Achammer: Ich denke, 50 bis 60 Prozent, nicht mehr. Wir sind nicht fertig bei BIM to Procurement, wir sind noch nicht fertig bei BIM to Schedule. Gut dabei sind wir bei BIM to Facility Management. Was wir können ist, das gesamte Gebäudemodell einheitlich standardisiert zu errichten und fortzuschreiben - und 50 Prozent des TGA-Modells, da sind wir noch ein bisschen hinten. - Diese Leistungen, die ich da jetzt geschildert habe, haben übrigen 50- bis 60.000 Entwicklungsstunden in Anspruch genommen.
Die muss man aber auch erst haben und das braucht eine große Firma - dabei ist die Bauwirtschaft in Österreich und Deutschland sehr kleinteilig!
Achammer (lacht): Korrekt. Wir stellen unsere Erkenntnisse aber allen zur Verfügung.
Wir sind in einer Sharing Economy, wo wir das Wissen teilen müssen. Wenn man Wissen bei sich behält und es nicht teilt, wird es nie fruchtbar. Wir haben das investiert - und genau darum sind wir ganz vorne.
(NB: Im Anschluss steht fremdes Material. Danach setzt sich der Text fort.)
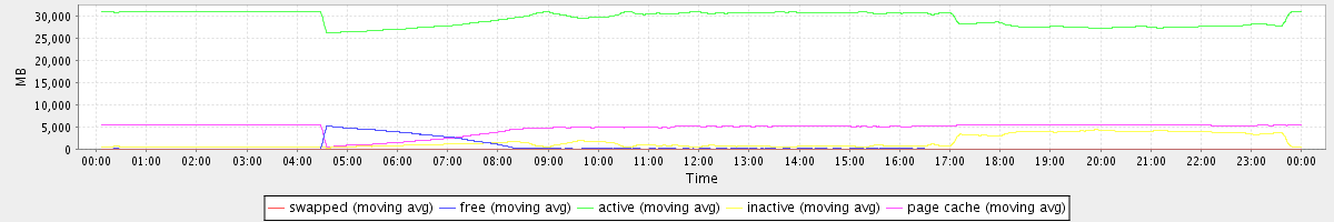 avg(swapped) = 0.23 avg(free) = 581.59 avg(active) = 29316.09 avg(inactive) = 1613.02 avg(page cache) = 4745.54

Hätten wir das nicht gemacht, wären wir nie dorthin gekommen - und das wird den anderen genauso gehen.
Aber wenn ich an Apple denke, eine der erfolgreichsten Firmen der Welt, so haben die auch ein geschlossenes System, wenn auch ein sehr großes. Der legendäre Steve Jobs war dafür berühmt, immer als einziger das Gesamtbild zu kennen und die Abteilungen getrennt voneinander zu halten.
Achammer: Und ich sage Ihnen, wir beide werden noch sicher erleben, dass genau das deren Untergang ist!